In the wake of being accepted into Google’s startup accelerator for female founders, Saint John-based MedReddie has raised a $782,000 pre-seed round as it looks to scale its AI system that streamlines the procurement process for healthcare providers.
In a statement, the company described the round as oversubscribed and said it included BDC’s Thrive Lab, the Firehood industry group and angel network for women in tech, New York-based Forum Ventures and the New Brunswick Innovation Foundation, along with government grants. The money is earmarked for hiring and product development work meant to underpin an expansion in Canada and a push into the U.S. hospital market.
MedReddie is the brainchild of CEO Kara LeBlanc, who has spent more than 12 years working in medical procurement and held multiple senior roles at Service New Brunswick.

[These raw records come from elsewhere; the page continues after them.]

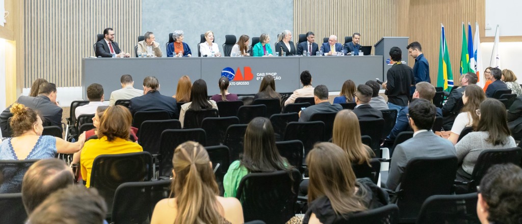 #ParaTodosVerem – Esta matéria possui recursos de texto alternativo para promover a inclusão das pessoas com deficiência visual. Primeira imagem:fotografia colorida registrando o evento na OAB. Em primeiro plano aparece os participantes que estão sentados assistindo o evento. Ao fundo autoridades que compõem o dispositivo de honra.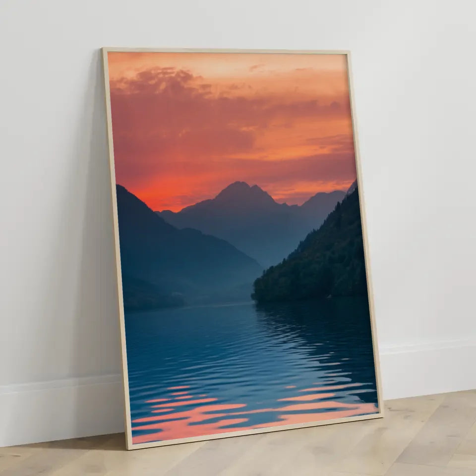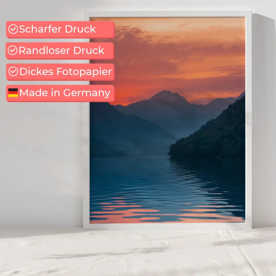 Unsere Poster sind in verschiedenen Größen erhältlich und können sowohl als Leinwanddruck als auch als hochwertiges Poster bestellt werden. Jedes Poster wird mit größter Sorgfalt gedruckt, um eine lange Haltbarkeit und brillante Farben zu gewährleisten. Holen Sie sich das Poster Sonnenaufgang am See und lassen Sie die Natur direkt in Ihre vier Wände einziehen.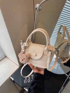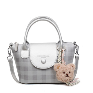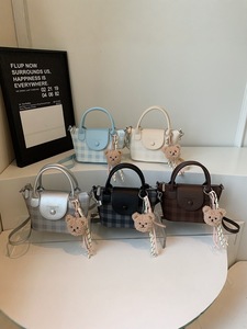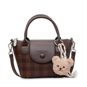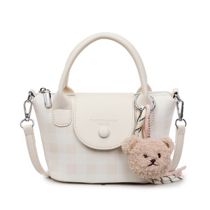 可爱小熊挂饰格纹小方包女2025夏季新款单肩斜挎包时尚百搭手提包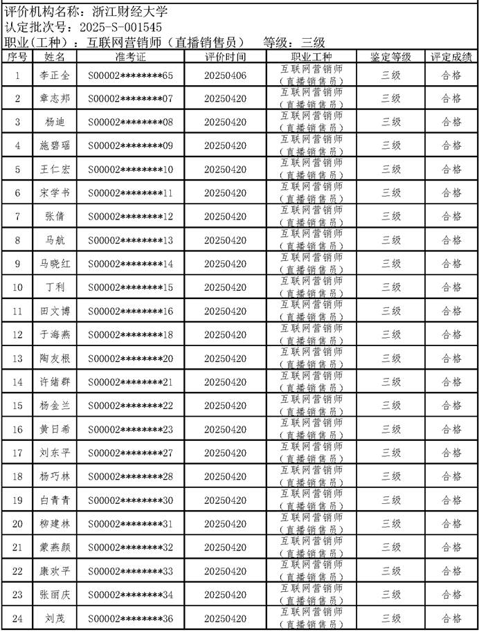 一、关于编号:2025-S-000121互联网营销师(直播销售员)三级职业技能等级认定成绩合格人员结果公示单
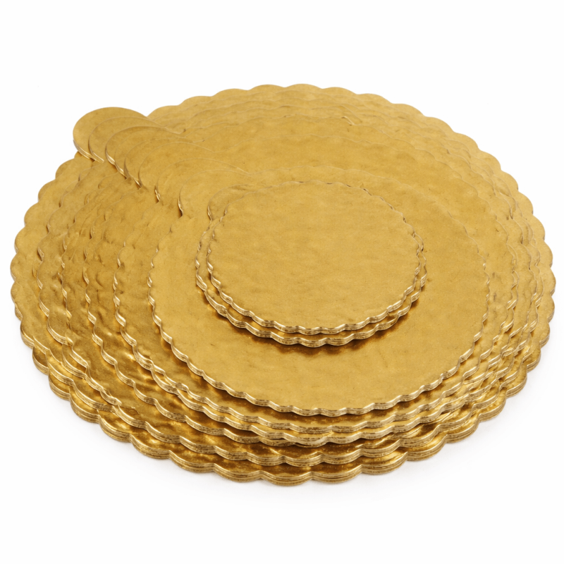 Altın yuvarlak pasta altlığı, mukavva taban üzerine uygulanan özel altın kaplama sayesinde hem estetik hem de dayanıklı bir sunum çözümüdür. Yuvarlak formu, klasik pasta tasarımları ile mükemmel uyum sağlar ve ürünlerinizin daha düzenli ve şık görünmesine yardımcı olur.
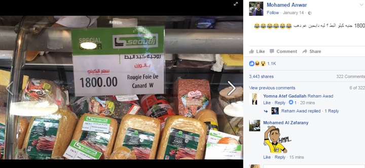 تداول عدد من نشطاء موقع التواصل الاجتماعي "فيس بوك"، صورة لوصول سعر كيلو "كبد البط"، إلى 1800 جنيه في إحدي السلاسل التجارية الكبرى، مما آثار عددًا من الانتقادات والسخرية حول هذا السعر.

“I founded MedReddie because I knew there was a better way to help healthcare organizations acquire the technologies and services they need while also supporting medtech suppliers with new marketing channels,” she said. “We’ve built a platform that simplifies the process, saves considerable time and resources, and ultimately allows healthcare professionals to focus on what matters most: patient care.”
MedReddie’s software-as-a-service product uses a suite of proprietary language models developed specifically for medical work as an “intelligent co-pilot, enabling rapid identification of market solutions and facilitating faster procurement decisions.” The company says its technology is meant to reduce the burden on the large, expensive procurement teams currently relied on by many organizations, automating research that has traditionally been performed by human employees.
Medical supply businesses, meanwhile, are incentivized to make their product information available to the platform because the MedReddie platform offers another way to reach buyers.
In March, LeBlanc’s company was among three Canadian startups chosen to participate in Google for Startups: Women Founders, which is a 10-week program originally launched in 2020. Its graduates have collectively raised more than US$93 million since then.
“(MedReddie) is already trialing … with paying customers and has established solid partnerships with strong brands including (industry association) Medtech Canada and others within the U.S. hospital system,” said Firehood Co-Founder Claudette McGowan.